**Requirement**. Please set down every entry again exactly as it stands, without the pictures.

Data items
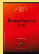
Kommentarsserien KNT , har flera utgåvor. Den senaste i raden är Romarbrevet - KNT 6B . Böckerna är för den som på allvar vill arbeta med de bibliska texterna. KNT förutsätter inga kunskaper i Bibelns grundspråk. Pris 549 kr. Art nr 3060
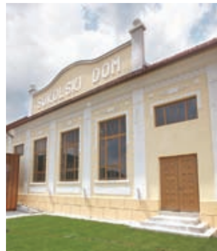
Znova odprt Sokolski dom
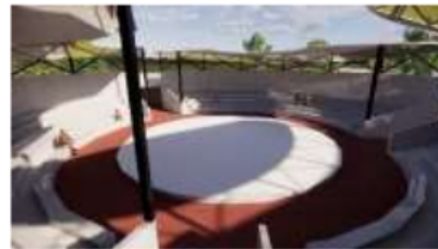
Gambar 12. Amphiteater
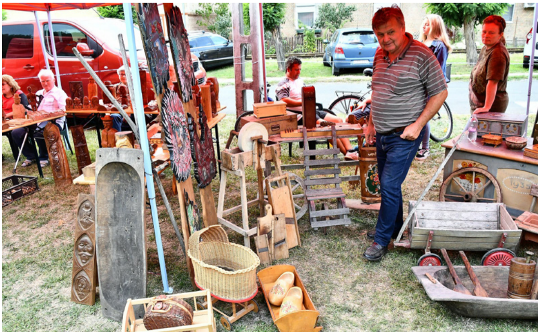
Itt minden a fáról szólt
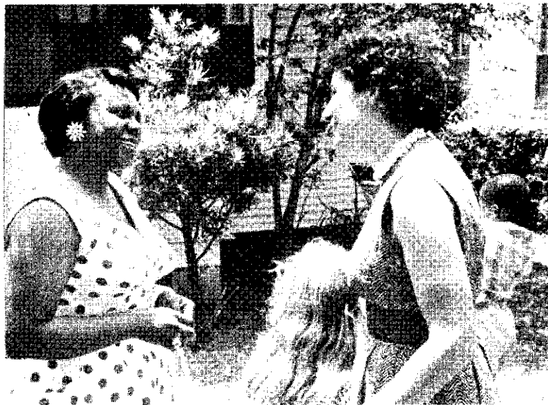
La compréhension internationale
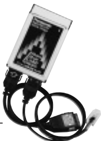
デジタル携帯電話と10BASE-Tのインターフェイスを搭載

問い合わせ 松下電器産業(株)P3カスタマーサポートセンター TEL 03-3834-2921
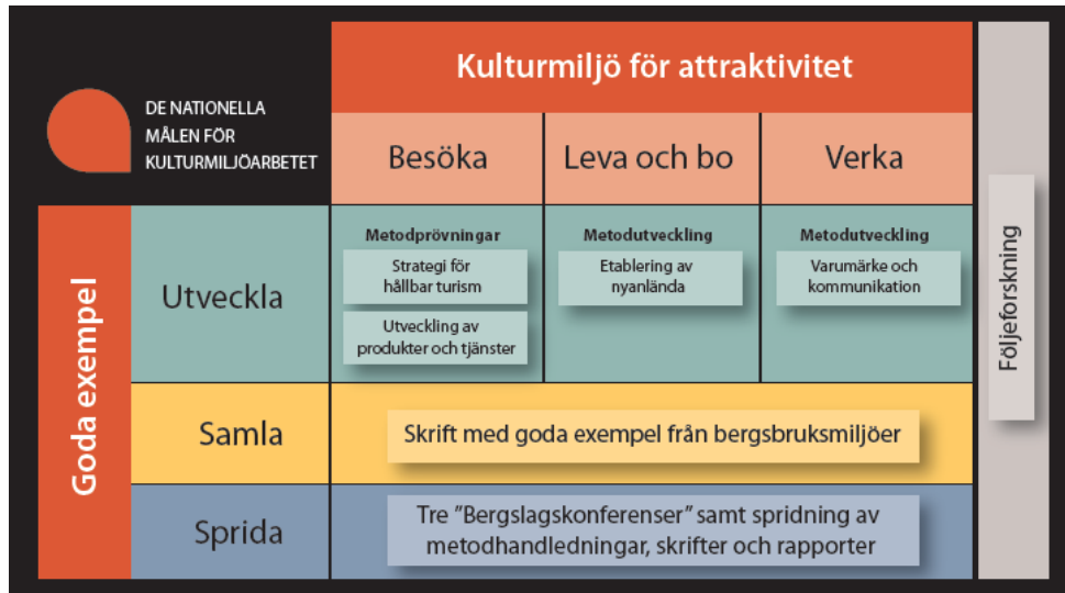
Figur 1. Ramverket för Gruvuppdragets olika delar, samt dess olika delprojekt.

Fem av delprojekten återrapporteras, förutom i denna slutredovisning, också i separata skrifter. Därutöver har ett stort antal leveranser, varav två delrapporter, gjorts inom uppdraget. 2 Delrapport 2 redovisar en fullständig förteckning över leveranserna. Nedan följer en kort presentation av samtliga sju delprojekt.
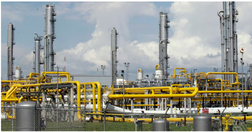
Foto de archivo. Planta de Gas natural

Ahora puede seguirnos en nuestro WhatsApp Channel y en Facebook

**Answer to this problem**.
Kommentarsserien KNT , har flera utgåvor. Den senaste i raden är Romarbrevet - KNT 6B . Böckerna är för den som på allvar vill arbeta med de bibliska texterna. KNT förutsätter inga kunskaper i Bibelns grundspråk. Pris 549 kr. Art nr 3060
Znova odprt Sokolski dom
Gambar 12. Amphiteater
Itt minden a fáról szólt
La compréhension internationale
デジタル携帯電話と10BASE-Tのインターフェイスを搭載

問い合わせ 松下電器産業(株)P3カスタマーサポートセンター TEL 03-3834-2921
Figur 1. Ramverket för Gruvuppdragets olika delar, samt dess olika delprojekt.

Fem av delprojekten återrapporteras, förutom i denna slutredovisning, också i separata skrifter. Därutöver har ett stort antal leveranser, varav två delrapporter, gjorts inom uppdraget. 2 Delrapport 2 redovisar en fullständig förteckning över leveranserna. Nedan följer en kort presentation av samtliga sju delprojekt.
Foto de archivo. Planta de Gas natural

Ahora puede seguirnos en nuestro WhatsApp Channel y en Facebook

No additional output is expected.